How do we balance fairness and efficiency in designing bandwidth allocation policies?
Will adding additional link capacities necessarily result in higher aggregate throughput?
In this chapter, we rigorously study these questions in general networks using an ana- lytical model . Here are our main results.
Suppose that the bandwidth allocation policies, represented by utility functions, are parameterized by a common scalarα ≥0. We derive explicit expressions for the changes in source rates and congestion prices when the parameter α or the capacities change for general utility functions.
We specialize to a particular class of utility functions [116] that characterize various TCP variants and include various fairness criterions as special cases. The parameterα in these utility functions can be interpreted as a quantitative measure of fairness [107, 16], and an allocation is fair ifαis large. All examples in the literature indicate that a fair allocation is necessarily inefficient. We quantitatively formulate the relations between fairness and efficiency in general networks. This characterization allows us both to produce the first counter-example (Theorem 6.3) and trivially explain all the previous supporting examples (Corollary 6.2). Surprisingly, the class of networks in our counter-example indicates that a fairer allocation could be always more efficient. In particular it implies that max-min fairness can achieve a higher aggregate throughput than proportional fairness.

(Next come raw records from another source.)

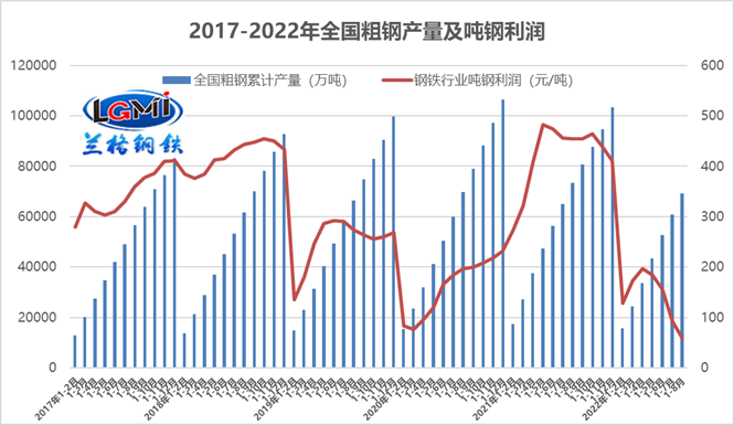 圖1 2017-2022年全國粗鋼產(chǎn)量及噸鋼利潤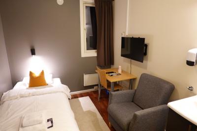 3.5トロムソのメインストリートからは徒歩5分程、同じ距離圏内にレストランやスーパーもあり。最安の部屋を予約するとバス・トイレは共用で部屋になし、部屋に洗面台はあり。...もっと見る
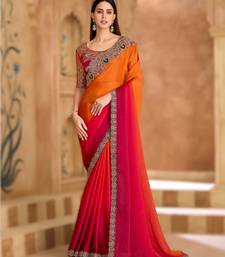 | Embellish | Bright And Beautiful Saffron Satin Chiffon Saree With A Smooth Finish. Includes An Unstitched Banglori Work Blouse, | |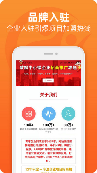 3、在这里,用户能够找到各种创业项目,快速了解各项目详情,在线加盟;

Intuitively, we might expect that the aggregate throughput will always rise when some links increase their capacities. This turns out to be wrong, and we characterize exactly the condition under which this is true (Theorem 6.4). Not only can the aggregate throughput be reduced when some link increases its capacity, more strikingly, it can also be reduced even when all links increase their capacities by the same amount (Theorem 6.5). Moreover, this holds under all bandwidth allocation policies . This paradoxical result seems less surprising in retrospect: raising link capacities always increases the aggregate utility, but mathemat- ically there is no a priori reason that it should also increase the aggregate throughput. If all links increase their capacities proportionally, however, the aggregate throughput will indeed increase, under the class of utility functions proposed in [116] (Theorem 6.6).
It is well known that counter-intuitive behavior can arise in a distributed system where agents optimize their own objectives, e.g., the Braess paradox in transportation networks.
It was discovered theoretically in 1968 [18, 120, 44] and verified in real world years later [37]. It shows that adding a new road to a transportation network may cause longer travel
time for every car. Subsequent paradoxes have been discovered in mechanical and electrical networks [27], in queueing networks [28, 136, 83, 11, 84], and in computer systems [72, 73]. Even though our results have the same flavor, they differ in important ways from the Braess paradox.
First, in the Braess paradox, the performance degradation is due to misalignment of individual and social optimalities. In our case, it is due to misalignment of two social objectives (utility maximization versus throughput maximization). Second, in the Braess paradox, the addition of new road leads to degraded performance for all flows, and hence the new equilibrium point is not Pareto optimal. In our case, all equilibrium points are Pareto optimal, and hence some flows are worse off and some better off in the new equi- librium point. Finally, examples of the Braess paradox always involve the addition of new paths and flows that re-route to maximize their own objectives. In our case, only link capacities are changed, while network topology and routing are fixed.